Last year more than 100,000 North Carolina children were tested for lead poisoning. Of those tested, 500 came back with elevated blood levels. Most of those cases were blamed on lead paint in older homes. Records show taxpayer money helps pay rent for some of those homes.

Armed with a specialized gun, Zyg Gromadzki, president of Radon Testing Labs Inc. of Raleigh, helped WRAL check for lead paint in houses.

In most cases, WRAL found no lead in Raleigh's public housing, but at Chavis Heights, which was built in the '40s, Gromadzki detected lead in two out of three units WRAL randomly checked. Young children live in both units.

Since the XRF gun can shoot through surfaces up to three-eighths of an inch thick, detecting lead paint is not necessarily a health hazard. In fact, an estimated 1.7 million homes in North Carolina still have lead paint. Lead paint is considered hazardous when it's cracking, peeling and susceptible to children younger than 6 years old.

"Someone should probably come and take a look at it," Gromadzki said.

The parents of 10-year-old Tyrone Horton believe he was poisoned by lead paint when he was a toddler living in Raleigh's Walnut Terrace. Horton has various developmental and behavioral problems. He cannot even spell his own last name.

Attorney Mike Malone represents dozens of children like Tyrone. He has filed lawsuits against the Raleigh Housing Authority and others across the state.

"Each one of these housing authorities, their properties have unquestionably been the source of lead poisoning within the last decade, which is clearly unexcusable," Malone said.

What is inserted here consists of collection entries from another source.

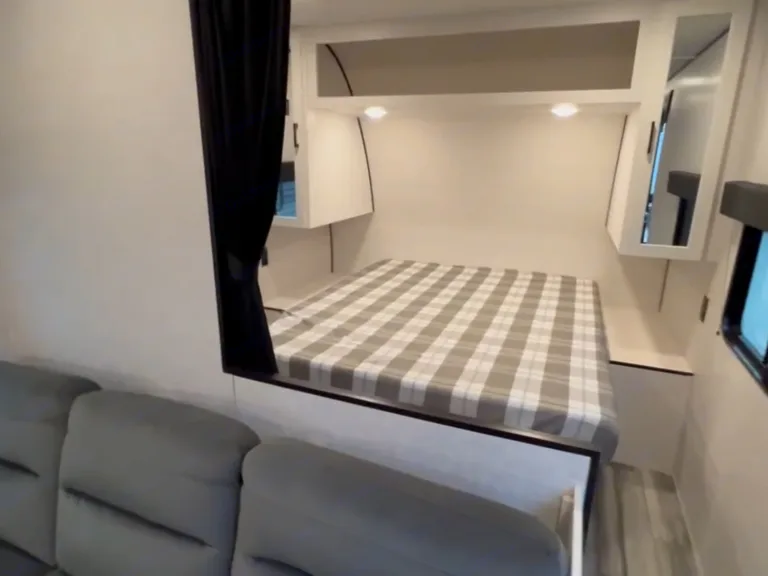 Cozy rv rental interior: Queen bed with plaid bedding, overhead cabinets, a sofa, and windows create a compact living space.. Jayco Jay Flight SLX 2025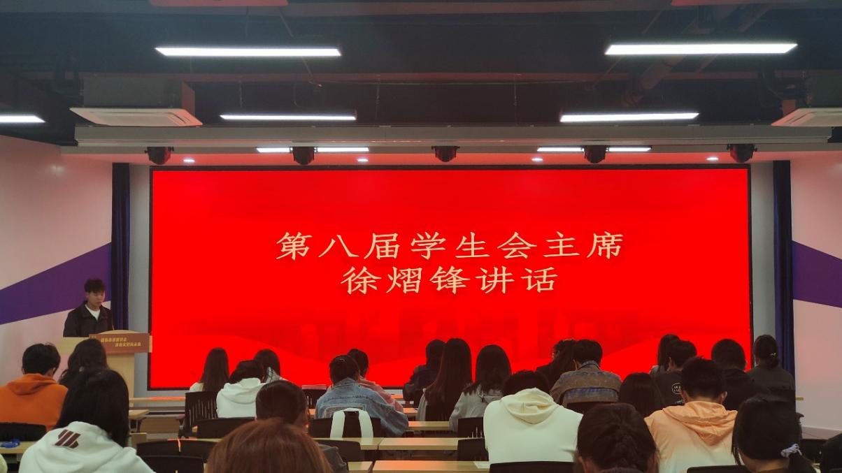 第八届学生会主席徐熠锋同学致辞。他强调:一、新一届学生会全体成员应“跑好接力赛”,做到敢想敢拼,不怕困难,勇往直前;二、学生会全体成员应做好广大同学与学校、社会的桥梁与纽带,秉承“全心全意为同学服务”的宗旨,在服务工作中提高综合素质,真正成为有理想敢担当肯吃苦的新时代青年;三、学生会全体成员要正确平衡学业和工作,做到二者的有机结合,修身律己,给自己一个不断学习成长的机会;最后,他期望所有同学都能勇于创新,保持好奇心和求知欲,在学生会这个大家庭中收获温暖,蜕变成长,共同谱写8868体育app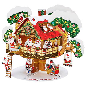 商品の特徴 バルコニー付きのツリーハウスがワンタッチで立体になります。 4面すべてにデザインが入っていて、乾杯するサンタや楽器を演奏するサンタ、プレゼント交換するサンタなど360度どの角度からもお楽しみいただけます。 ボタンを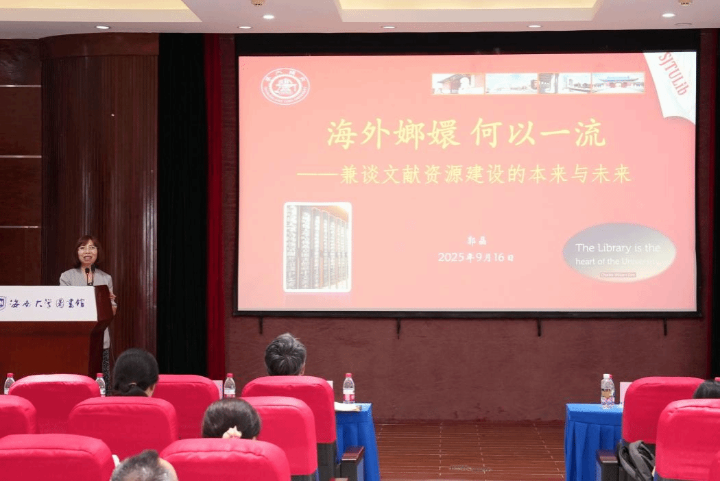 海南大学图书馆执行馆长郭晶作《海外嫏環 何以一流:兼谈文献资源建设的本来与未来》专题学术报告。以哈佛大学等国际一流大学为例,阐述特色资源建设对于教育学术发展与提升全球影响的重要性。她强调特色资源建设应朝着数字化、网络化、智能化方向发展,注重以特色资源催生新的学术方向,凝聚世界范围的学术交流社区,从而保障学术研究的前沿性、体系性、溯源性。同时,要密切结合“双一流”建设任务与学校发展目标,筑牢根基,持续积累,守正创新。最后,她鼓励图书馆员积极参与到特色资源建设中来,共同推动图书馆事业的高质量发展。

Steve Beam, executive director of the

Raleigh Housing Authority

(RHA), staunchly defends the authority's efforts to alleviate the threat of lead paint.

"Lead is a poison. You've got to treat it as a poison. We do. We take it very seriously," he said.

Beam points out that Raleigh is the only authority in the state, and possibly the country, to ban vinyl mini-blinds, a known source of lead poisoning.

"Our view is we go out there and inspect on the front end," Beam said.

"For whatever reason, we continue to see kids that are poisoned in federally assisted housing," state environmental health supervisor Ed Norman said.

Norman said while he rarely sees cases where children are poisoned in public housing complexes, he continues to see cases in Section 8 homes -- private rentals subsidized by taxpayer money.

WRAL did some random testing of Section 8 homes. Most showed no lead threat; however, WRAL detected lead all over a home on Downing Street. A coat of fresh paint covers much of it, but a wipe test in the front window well yielded lead dust -- the most hazardous form of lead.

Testing funded by the RHA cleared the property in 2001 and a staffer said the home passed a visual test just this week. Lab results from WRAL's wipe test, however, show lead dust that exceeds safe guidelines by nearly four times.

Beam said RHA will conduct more thorough testing, but he points out regular cleaning is a key component of lead abatement.

"I think you can never do enough," he said. "Would I say it's perfect with over 5,000 units? Perhaps not, but I say we're as aggressive or more so than anybody else out there."

Federal regulations dictate that subsidized housing be checked on an annual basis. The only time private homes or businesses are subject to testing is when a child is poisoned. None of the children living in the homes WRAL checked have been tested for lead.